Among the entries that follow, the required portion opens with the line containing "Adatto alla stagione" and closes with the line containing "Едва ли не главную". Give that portion again exactly, and nothing else.

## AVAILABLE DATA
------------------------------
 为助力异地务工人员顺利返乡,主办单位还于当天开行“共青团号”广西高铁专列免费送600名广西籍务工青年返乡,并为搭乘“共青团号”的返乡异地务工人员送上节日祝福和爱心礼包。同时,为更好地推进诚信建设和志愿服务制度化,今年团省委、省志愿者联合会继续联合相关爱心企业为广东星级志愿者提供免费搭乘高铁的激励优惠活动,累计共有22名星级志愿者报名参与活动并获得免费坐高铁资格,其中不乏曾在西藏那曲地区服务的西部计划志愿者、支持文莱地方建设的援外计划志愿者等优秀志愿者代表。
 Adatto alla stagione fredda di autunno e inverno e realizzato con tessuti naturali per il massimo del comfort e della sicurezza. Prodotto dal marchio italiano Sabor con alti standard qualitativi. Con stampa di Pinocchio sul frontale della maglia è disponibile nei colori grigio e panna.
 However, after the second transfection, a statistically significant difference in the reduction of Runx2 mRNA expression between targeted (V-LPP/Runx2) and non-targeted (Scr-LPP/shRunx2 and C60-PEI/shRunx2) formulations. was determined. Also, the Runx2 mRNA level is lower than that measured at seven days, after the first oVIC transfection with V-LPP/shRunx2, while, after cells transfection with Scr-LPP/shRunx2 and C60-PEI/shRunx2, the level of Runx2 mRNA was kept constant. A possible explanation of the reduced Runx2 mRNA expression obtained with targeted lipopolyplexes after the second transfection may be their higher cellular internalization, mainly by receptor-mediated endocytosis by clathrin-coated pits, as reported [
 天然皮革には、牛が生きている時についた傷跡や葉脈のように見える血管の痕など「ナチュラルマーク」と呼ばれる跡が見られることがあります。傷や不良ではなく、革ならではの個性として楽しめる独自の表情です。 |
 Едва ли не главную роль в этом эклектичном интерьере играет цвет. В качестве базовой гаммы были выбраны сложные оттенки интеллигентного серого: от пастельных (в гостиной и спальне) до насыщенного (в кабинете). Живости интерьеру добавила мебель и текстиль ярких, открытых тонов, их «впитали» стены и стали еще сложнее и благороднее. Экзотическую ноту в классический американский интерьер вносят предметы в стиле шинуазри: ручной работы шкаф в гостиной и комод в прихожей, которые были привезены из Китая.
------------------------------
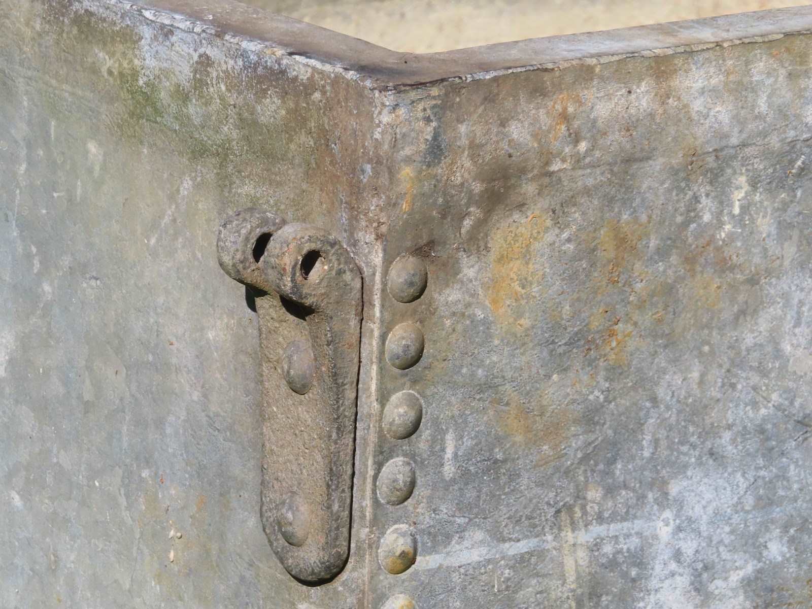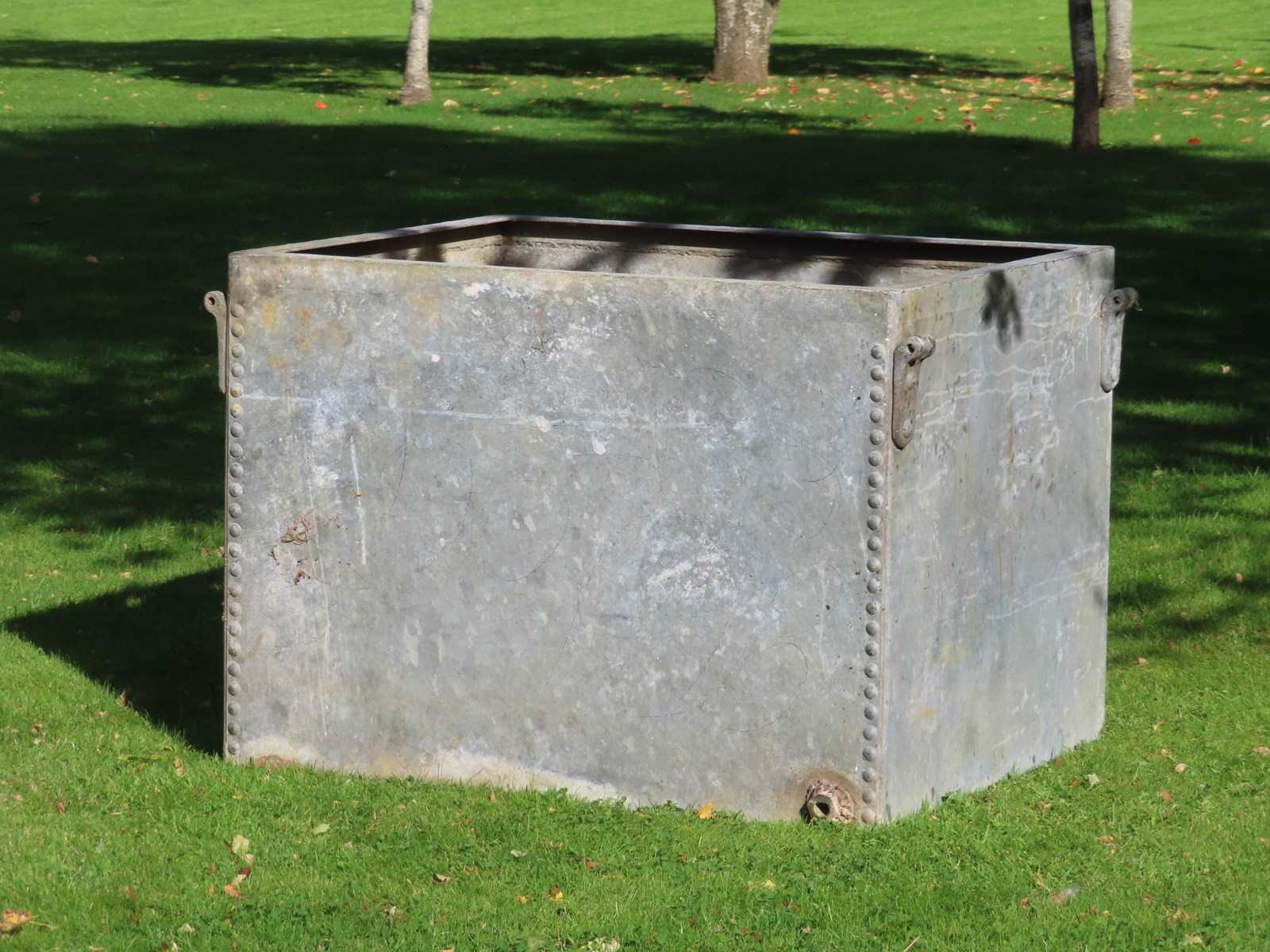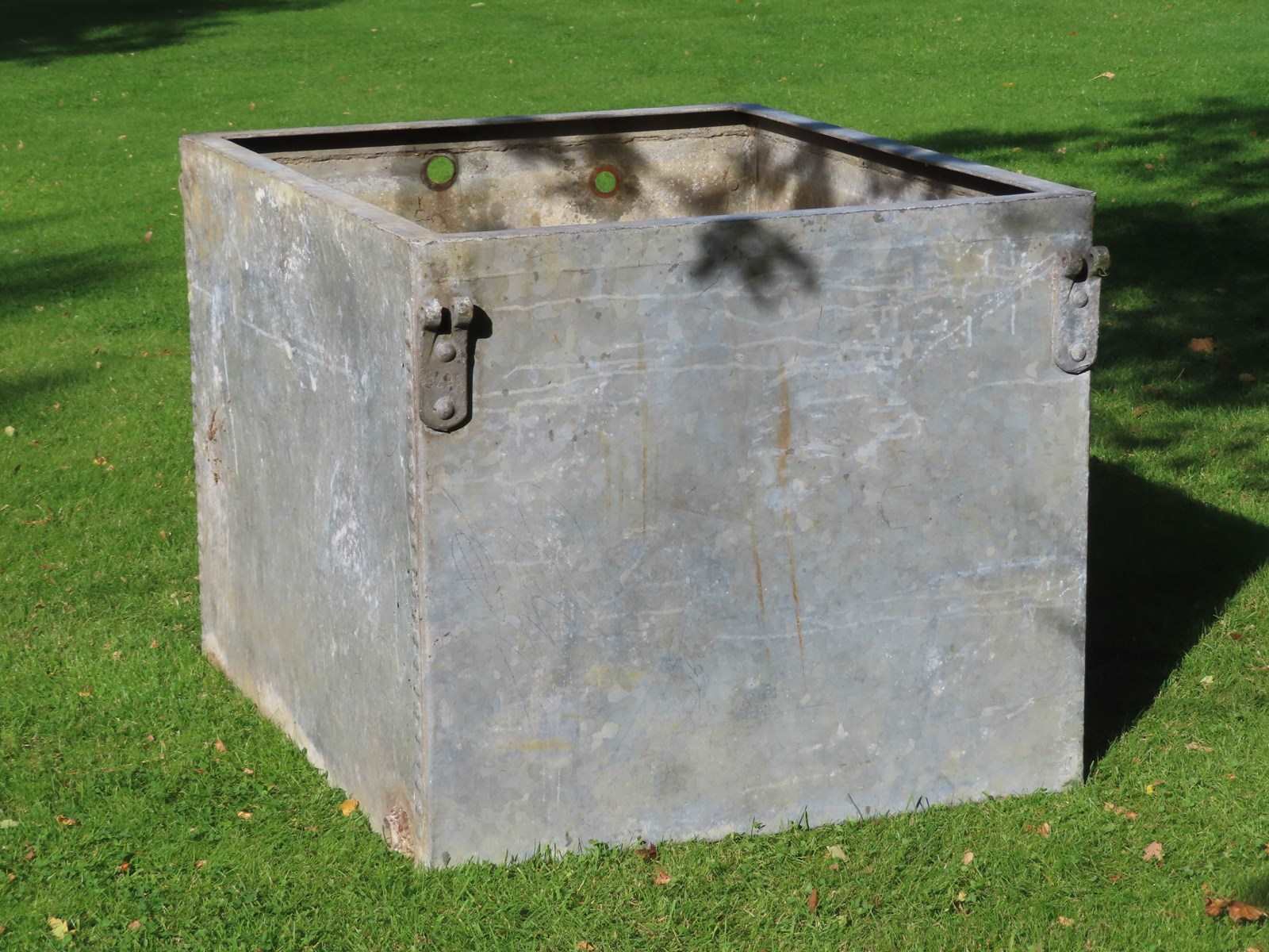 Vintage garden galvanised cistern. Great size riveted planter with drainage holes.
------------------------------
## OUTPUT FOR THIS TASK
 Adatto alla stagione fredda di autunno e inverno e realizzato con tessuti naturali per il massimo del comfort e della sicurezza. Prodotto dal marchio italiano Sabor con alti standard qualitativi. Con stampa di Pinocchio sul frontale della maglia è disponibile nei colori grigio e panna.
 However, after the second transfection, a statistically significant difference in the reduction of Runx2 mRNA expression between targeted (V-LPP/Runx2) and non-targeted (Scr-LPP/shRunx2 and C60-PEI/shRunx2) formulations. was determined. Also, the Runx2 mRNA level is lower than that measured at seven days, after the first oVIC transfection with V-LPP/shRunx2, while, after cells transfection with Scr-LPP/shRunx2 and C60-PEI/shRunx2, the level of Runx2 mRNA was kept constant. A possible explanation of the reduced Runx2 mRNA expression obtained with targeted lipopolyplexes after the second transfection may be their higher cellular internalization, mainly by receptor-mediated endocytosis by clathrin-coated pits, as reported [
 天然皮革には、牛が生きている時についた傷跡や葉脈のように見える血管の痕など「ナチュラルマーク」と呼ばれる跡が見られることがあります。傷や不良ではなく、革ならではの個性として楽しめる独自の表情です。 |
 Едва ли не главную роль в этом эклектичном интерьере играет цвет. В качестве базовой гаммы были выбраны сложные оттенки интеллигентного серого: от пастельных (в гостиной и спальне) до насыщенного (в кабинете). Живости интерьеру добавила мебель и текстиль ярких, открытых тонов, их «впитали» стены и стали еще сложнее и благороднее. Экзотическую ноту в классический американский интерьер вносят предметы в стиле шинуазри: ручной работы шкаф в гостиной и комод в прихожей, которые были привезены из Китая.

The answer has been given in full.